### Dataset excerpt
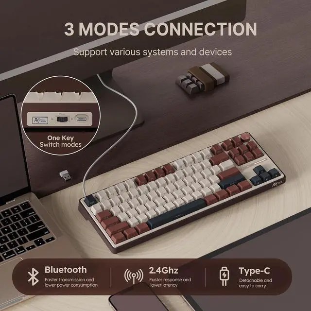 Multi-device Connection In Bluetooth mode, the pc gaming keyboard can connect to 3 different wireless devices at the same time, you can quickly switch between them with a short press Fn+Q/W/E. The bluetooth keyboard is suitable for Windows, Mac, and Android, no longer limit the connection possibilities
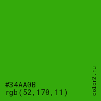 Цвет #34AA0B в цветовой модели RGB обозначается тремя октетами (52, 170, 11) в десятичном формате и #34AA0B в шестнадцатиричном (hex) формате, которые являются интенсивностью красного 52 (hex 34), интенсивность зелёного 170 (hex AA) и интенсивность синего 11 (hex 0B).
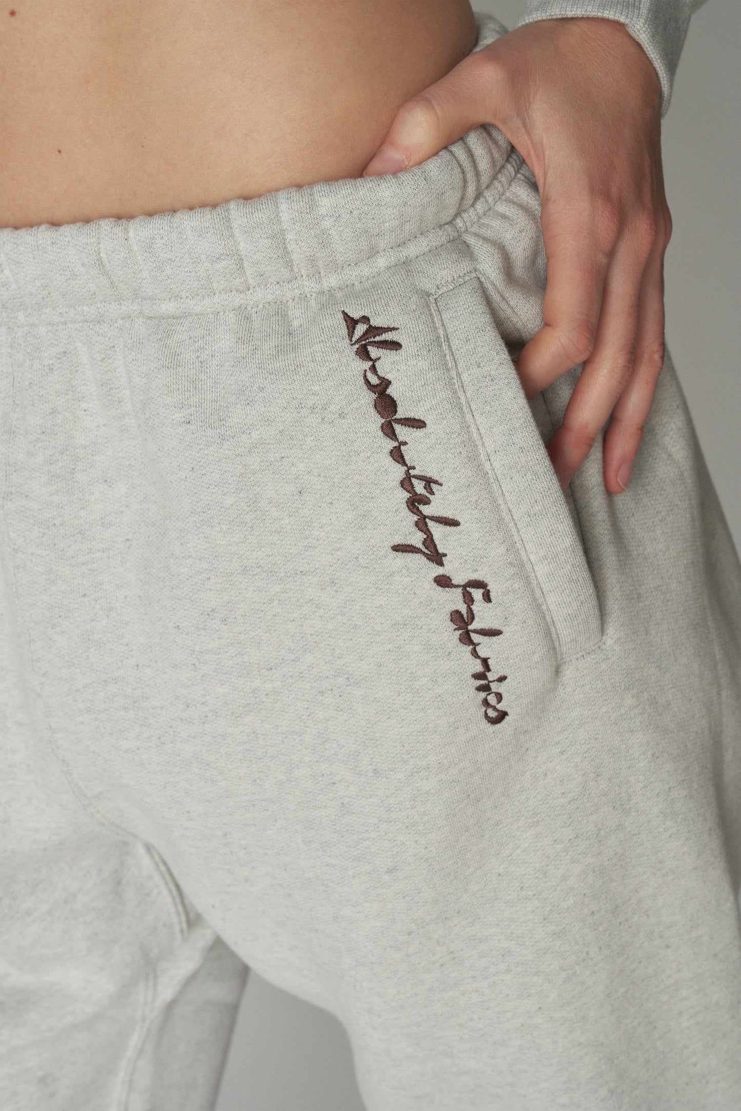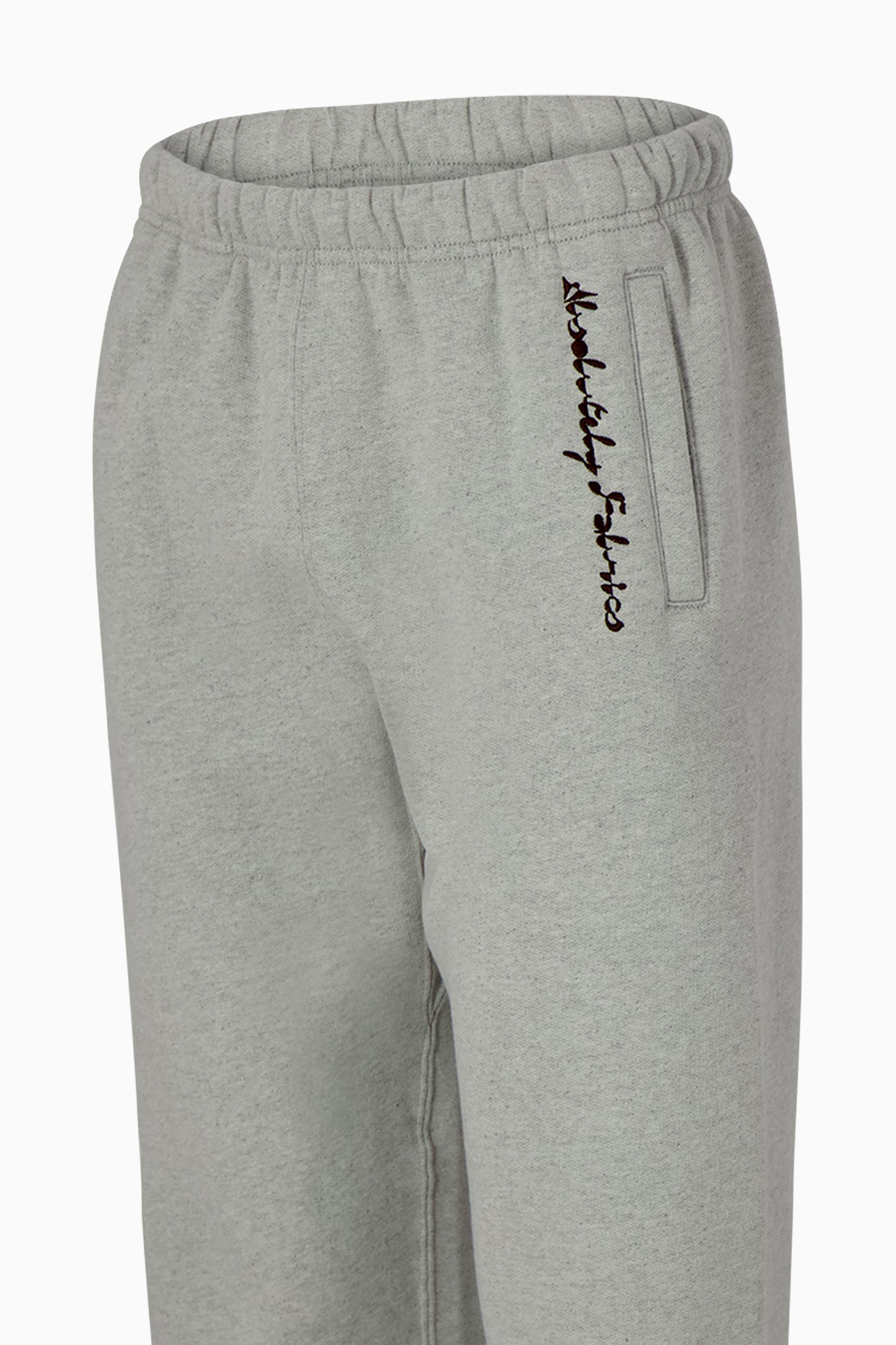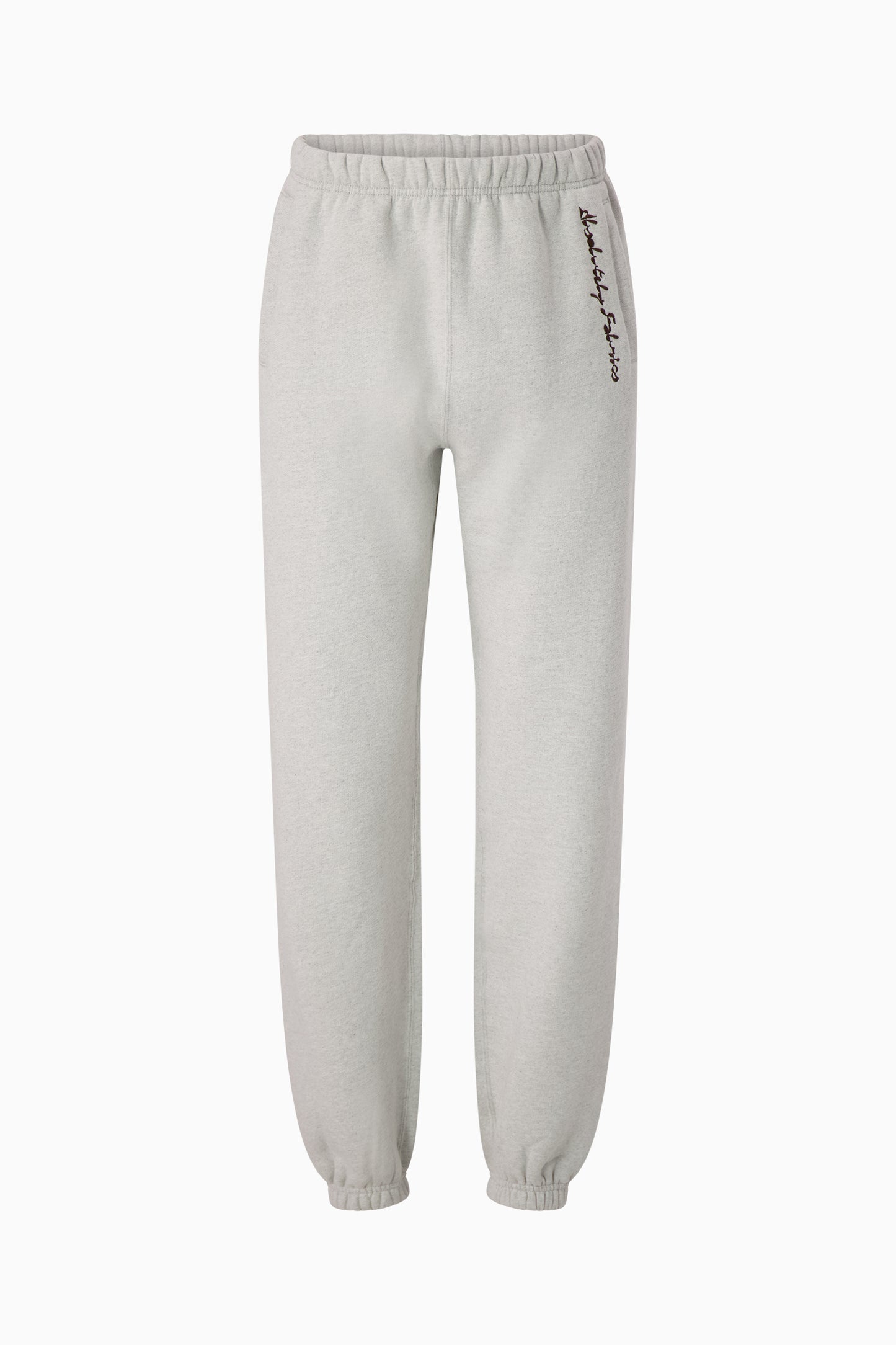 Relaxed-fit sweatpants with concealed drawstring waist and gathered ankle. Pockets at hip. Embroidered Absolutely Fabrics at hip.

### Your task
Would it be possible to give the material above again exactly, with the pictures left out?

### Written answer
 Multi-device Connection In Bluetooth mode, the pc gaming keyboard can connect to 3 different wireless devices at the same time, you can quickly switch between them with a short press Fn+Q/W/E. The bluetooth keyboard is suitable for Windows, Mac, and Android, no longer limit the connection possibilities
 Цвет #34AA0B в цветовой модели RGB обозначается тремя октетами (52, 170, 11) в десятичном формате и #34AA0B в шестнадцатиричном (hex) формате, которые являются интенсивностью красного 52 (hex 34), интенсивность зелёного 170 (hex AA) и интенсивность синего 11 (hex 0B).
 Relaxed-fit sweatpants with concealed drawstring waist and gathered ankle. Pockets at hip. Embroidered Absolutely Fabrics at hip.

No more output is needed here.